Google is removing a security icon it has used in Chrome to warn people that something’s amiss with a page that’s encrypted and should otherwise be considered secure.
The decision, announced today, will for some website owners mark the end of a bugbear that may have unnecessarily frightened visitors away by suggesting it suffered from vaguely described security issues when in fact, as Google has now admitted, were imperfectly implemented HTTPS that was still an improvement on unencrypted HTTP.
In September’s Chrome release number 45, Google had four different warnings including secure “HTTPS”, “HTTP”, “HTTPS with minor errors”, and “broken HTTPS”.

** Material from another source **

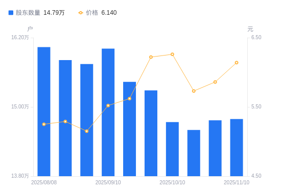 近一年(2024年11月20日至2025年11月20日),吉电股份A股股东户数从17.57万户,减低至16.53万户,降幅5.90%,区间股价上涨0.28%。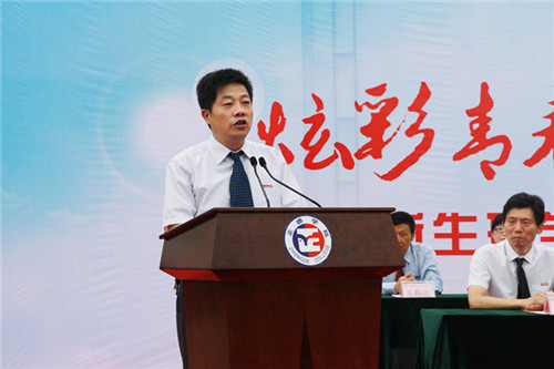 办学15年来所取得的优异成绩,并对同学们提出三点要求:首先要学会做人,做诚信的人,做有责任感的人。不仅要认真学习专业知识和技能,更要培养自己的思想、情感、意志、品质,升华自己人格;其次要学会“独立”,能够独立生活,善于独立思考,养成独立人格。不跟风、不盲从,在独立中体验人生百态,获得成长;还要学会“珍惜”,珍惜青春,珍惜健康,珍惜友谊。要懂得包容,体谅他人,收获友谊和快乐,砥砺团队精神,将来团结更多的人成就大的事业。讲话结束后,他还为新生代表佩戴校徽。

When visiting an encrypted HTTPS website, such as a bank’s website, Chrome typically displays a green padlock icon to communicate that the browser is on a secure connection and that the website’s digital (SSL) certificate proves it’s the site it claims to be.
Visit most news websites in Chrome and the browser will display a blank page icon in the address bar, signifying it’s an HTTP website on an unencrypted connection that lacks an SSL certificate to validate its identity.

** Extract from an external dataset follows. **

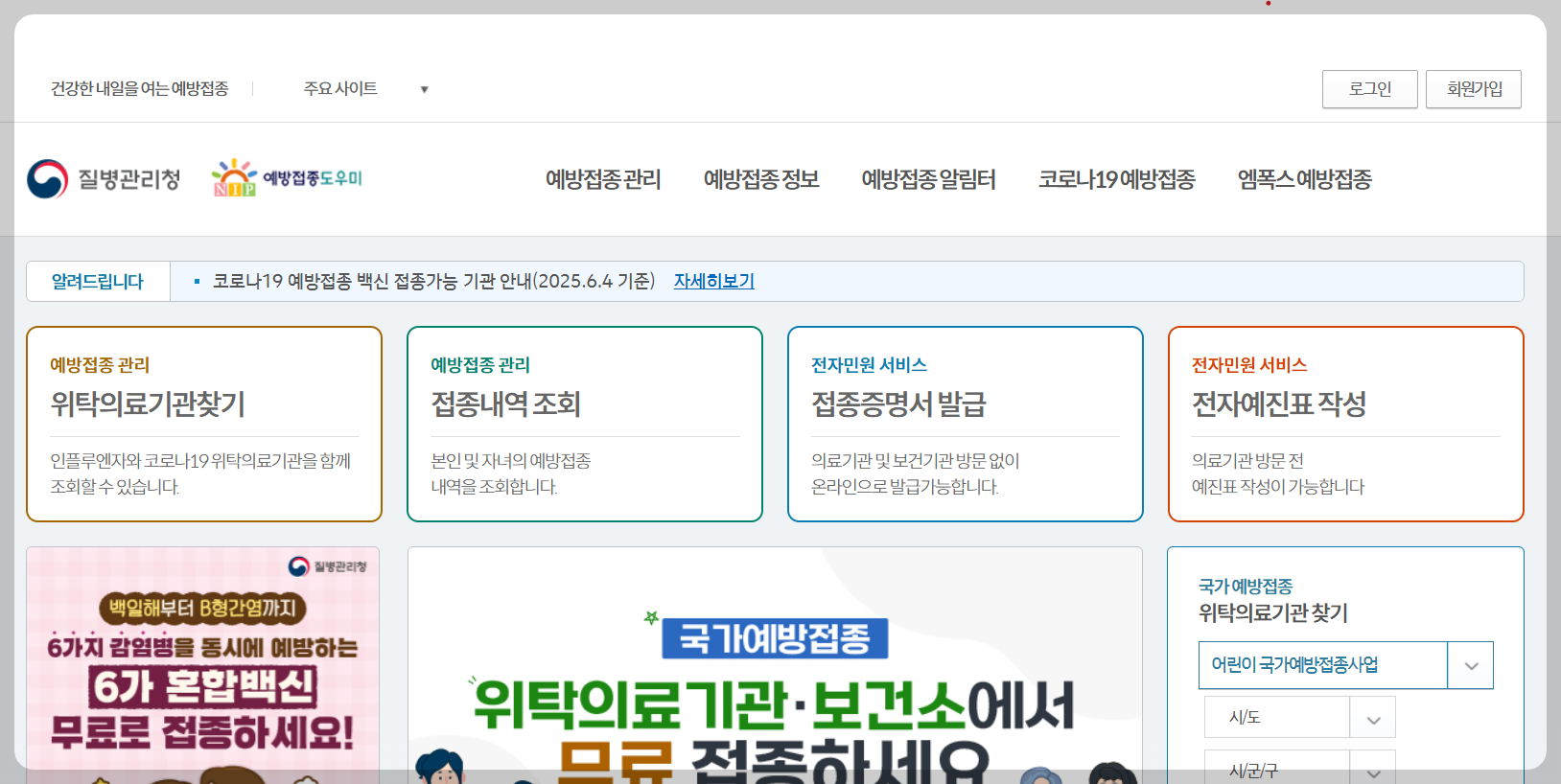 - 지정 의료기관: 질병관리청 예방접종도우미 사이트에서 확인 가능

A third icon, a padlock on a red background overlaid by a strike symbol or cross, indicates broken HTTPS and that the site could be a phishing page.
The fourth icon — a yellow triangle on a padlock and the one that will vanish from Chrome 46— signifies “HTTPS with minor errors” such as “mixed content” issues, which occurs when an HTTPS page draws on non-secure resources, such as an HTTP image or advertisement.

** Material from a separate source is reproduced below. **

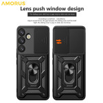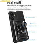 Proteggete il tuo Samsung Galaxy A57 5G con questa robusta cover dotata di protezione scorrevole per la fotocamera, supporto rotante integrato e resistenza agli urti di livello militare. Compatibile con i supporti magnetici per auto.

Google also began using the yellow triangle in Chrome 39 to signify that a website was using a SHA-1 SSL certificate, which it considered a deprecated or insecure practice. Other browser makers, including Microsoft and Mozilla, have also committed to phasing out SHA-1 certificates imminently for the same reasons.
Starting with Chrome 46 however, on pages where Chrome detects insecure practices the browser will simply present the HTTP blank page icon.
As Google notes, the site “may not be fully secured, but it will usually not be less secure than before” it’s transition from HTTP to HTTPS.
This fact partially explains the move. Another reason is that the yellow icon was confusing.
“We’ve come to understand that our yellow “caution triangle” badge can be confusing when compared to the HTTP page icon, and we believe that it is better not to emphasize the difference in security between these two states to most users,” Google said.
The other is that the yellow warning icon could have had the perverse effect of discouraging website operators from making the shift to HTTPS for fear they may be penalised due to that confusion.
“Removing the yellow “caution triangle” badge means that most users will not perceive a warning on mixed content pages during such a migration. We hope that this will encourage site operators to switch to HTTPS sooner rather than later,” said Google.
The downside is that users won’t see a warning when they visit a mixed content page, which could, for example, be exploited by an attacker to launch a cross-site scripting attack on a browser.
“We have to strike a balance: representing the security state of a webpage as accurately as possible, while making sure users are not overwhelmed with too many possible states and details,” said Google.
The search company also pointed out atet in the long run it hopes to display all HTTP content as non-secure to indicate that a particular page offers no data security whatsoever.